Once upon a time, this type of play would get under the Oilers’ skin and result in retaliatory penalties. Yet, with a few hard-knock lessons handed down to them in the past few seasons, it seems like the team is as determined as ever to cut the extracurriculars and focus on getting revenge on the scoreboard.

Ryan Nugent-Hopkins, the longest-tenured player on this Oilers team, had to keep his emotions in check with Kings defender Vladislav Gavrikov, who punched him in the face early in the game. The easy reaction would be to punch back, but the veteran Nugen-Hopkins took his licks and wound up scoring later in the game.

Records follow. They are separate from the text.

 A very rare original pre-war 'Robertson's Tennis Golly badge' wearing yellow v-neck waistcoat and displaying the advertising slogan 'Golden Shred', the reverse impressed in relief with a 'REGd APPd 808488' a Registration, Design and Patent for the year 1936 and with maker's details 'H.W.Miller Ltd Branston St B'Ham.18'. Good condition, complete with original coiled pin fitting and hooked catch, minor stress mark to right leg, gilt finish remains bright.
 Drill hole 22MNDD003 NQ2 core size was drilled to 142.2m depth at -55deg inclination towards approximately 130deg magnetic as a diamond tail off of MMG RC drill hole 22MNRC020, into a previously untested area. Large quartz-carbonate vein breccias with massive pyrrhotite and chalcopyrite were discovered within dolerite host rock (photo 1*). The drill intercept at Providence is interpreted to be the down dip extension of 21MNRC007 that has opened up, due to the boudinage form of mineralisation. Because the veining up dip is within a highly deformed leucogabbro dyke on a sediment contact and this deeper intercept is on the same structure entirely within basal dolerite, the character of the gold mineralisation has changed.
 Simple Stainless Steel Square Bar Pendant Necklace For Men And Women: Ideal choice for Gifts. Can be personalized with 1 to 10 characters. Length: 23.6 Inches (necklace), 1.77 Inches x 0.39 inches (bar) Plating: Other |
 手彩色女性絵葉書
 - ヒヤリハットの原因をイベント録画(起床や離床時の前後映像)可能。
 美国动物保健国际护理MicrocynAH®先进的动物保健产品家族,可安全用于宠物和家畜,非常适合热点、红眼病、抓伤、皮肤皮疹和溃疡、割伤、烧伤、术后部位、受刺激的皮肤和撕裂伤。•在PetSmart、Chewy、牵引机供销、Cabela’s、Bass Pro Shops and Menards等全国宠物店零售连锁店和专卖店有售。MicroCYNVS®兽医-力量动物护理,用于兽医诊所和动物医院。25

“It’s going to be physical, the emotions are high, and there’s probably going to be some stuff after the whistle,” Nugent-Hopkins told reporters this morning. “I think it’s important to stay poised out there and not retaliate and just play through the whistles and let the other stuff just kind of happen.”

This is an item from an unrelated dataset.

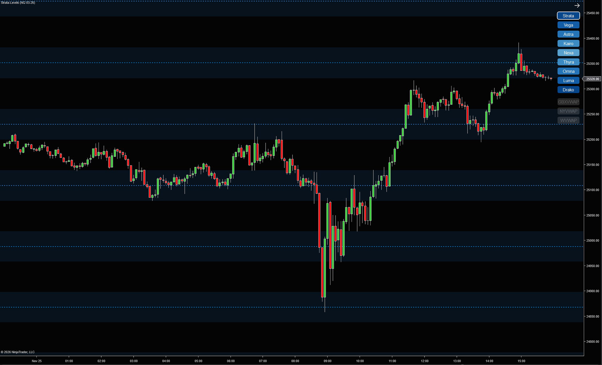 If the instrument is viewable and has data within NinjaTrader, traders can currently apply Strata Levels to:
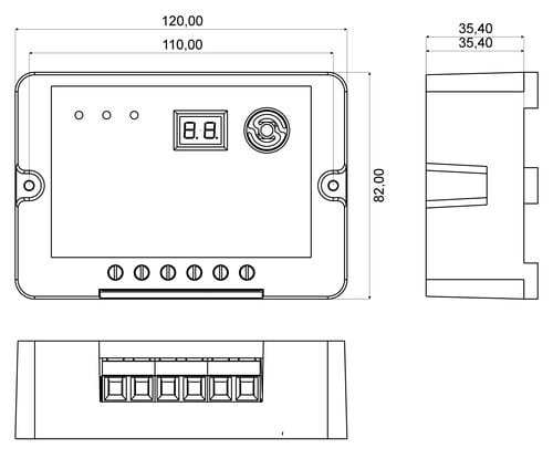 ** Caratteristiche generali ** Funzione crepuscolare: riconoscimento giorno/notte dalla tensione dei pannelli. Timer programmabile per l'accensione automatica del carico come luci notturne. Timer programmabile tramite pulsante. Accensione automatica al tramonto o all'alba per un numero di ore programmabili. Possibilità di accensione del carico manualmente. Visualizzazione delle impostazioni tramite display Modalità di carica PWM (modalità larghezza d'impulso). Regolazione automatica stato di carica dellabatteria. Compensazione in temperatura della carica. Si consiglia l'utilizzo di pannelli specifici per applicazioni ad isola a bassa tensione. Collegamento interno con positivo comune. ** Dati tecnici ** Tensione di batteria: 12V/24V automatico Ingressopannelli: Massima tensione a pannelli a circuito aperto: 46V Corrente massima in ingresso: 10A Corrente massima in uscita: 10A Autoconsumo: 12mA LVD 12V/24V: 11V (regolabile da 9V a 12V) / 22V (regolabile da 18V a 24V) LVR 12V/24V: 12,6V (regolabile da 11V a 13,5V) / 25,2V (regolabile da 22V a 27V) Fine carica: 13,8V (regolabile da 13V a 15V) / 27,6V (regolabile da 26V a 30V) Riconnesione del carico: 12,6V (25,20V) Tensione minima disconnessione batteria (LVD): 11,1V (22.2V) ** Protezioni ** Corto circuito pannelli e del carico in uscita Sovraccarico pannelli e del carico in uscita Corrente inversa notturna Sovratensioni sul carico Sovratemperatura Disconnessione tensione minima batteria Disconnessione tensione massima batteria L'inversione delle polarità sia dei pannelli che delle batterie, possono danneggiare irreparabilmente il regolatore. Danno non in garanzia ** Caratteristiche meccaniche ** Temperatura ambiente consentita: -25°C/55°C Grado di protezione: IP20 Sezione cavi consigliati: 4mm² Dimensioni (LxWxH): 60,04x41,04x17,70 ** Caratteristiche Generali ** Tensione di Sistema Nominale: 12V, 24V Corrente di ricarica max: 10A Tensione massima pannelli: 46Vdc Tensione batteria min: 10Vdc Tensione batteria max: 28.6Vdc Potenza massima pannelli (batt. 12V): 120W Potenza massima pannelli (batt. 24V): 240W Collegamento interno: Positivo comune Display Interno: Display LED 7 segmenti ** Caratteristiche Meccaniche ** Materiale contenitore: Plastico Grado di protezione: IP20 ** Timer uscita carico ** E' possibile configurare il timer dell'uscita carico impostando tramite il display un valore da 00 a 18. 00 Controllo manuale carico 01 Carico sempre acceso 02 Carico sempre spento 03 Carico acceso dal tramonto all'alba + controllo manuale 04 Carico acceso dall'alba al tramonto + controllo manuale 05 Carico acceso dal tramonto per 2h + controllo manuale 06 Carico acceso dal tramonto per 4h + controllo manuale 07 Carico acceso dal tramonto per 6h + controllo manuale 08 Carico acceso dal tramonto per 8h + controllo manuale 09 Carico acceso dal tramonto per 10h + controllo manuale 10 Carico acceso dal tramonto per 12h + controllo manuale 11 Carico acceso dall’alba per 2h + controllo manuale 13 Carico acceso dall’alba per 6h + controllo manuale 14 Carico acceso dall’alba per 8h + controllo manuale 15 Carico acceso dall’alba per 10h + controllo manuale 16 Carico acceso dall’alba per 12h + controllo manuale 17 Pannello sempre escluso non accetta la ricarica da pannello. Carico inizialmente Acceso. 18 Pannello sempre escluso non accetta la ricarica da pannello. Carico inizialmente spento.

Oilers head coach Kris Knoblauch also noticed his team’s discipline. Playoff hockey is full of emotion, and keeping those in check to focus on the larger goal is difficult. He was happy with how his team set the tone.

“It’s not necessarily easy to do,” Knoblauch said. “You get punched in the face and sometimes the referees feel it’s enough to call a penalty, sometimes it’s not… You just have to take them, and sometimes, you get rewarded with the power play.

“I liked our guy’s response and we want to be sticking up for each other, we want to have that pack mentality, but it’s really important that we’re not the ones taking that extra penalty.”

There is no doubt that the Kings will continue to poke and prod at the Oilers as the series continues. Keeping those retaliations in check will only get more difficult, but if the team can continue to succeed on the scoreboard, it could get easier.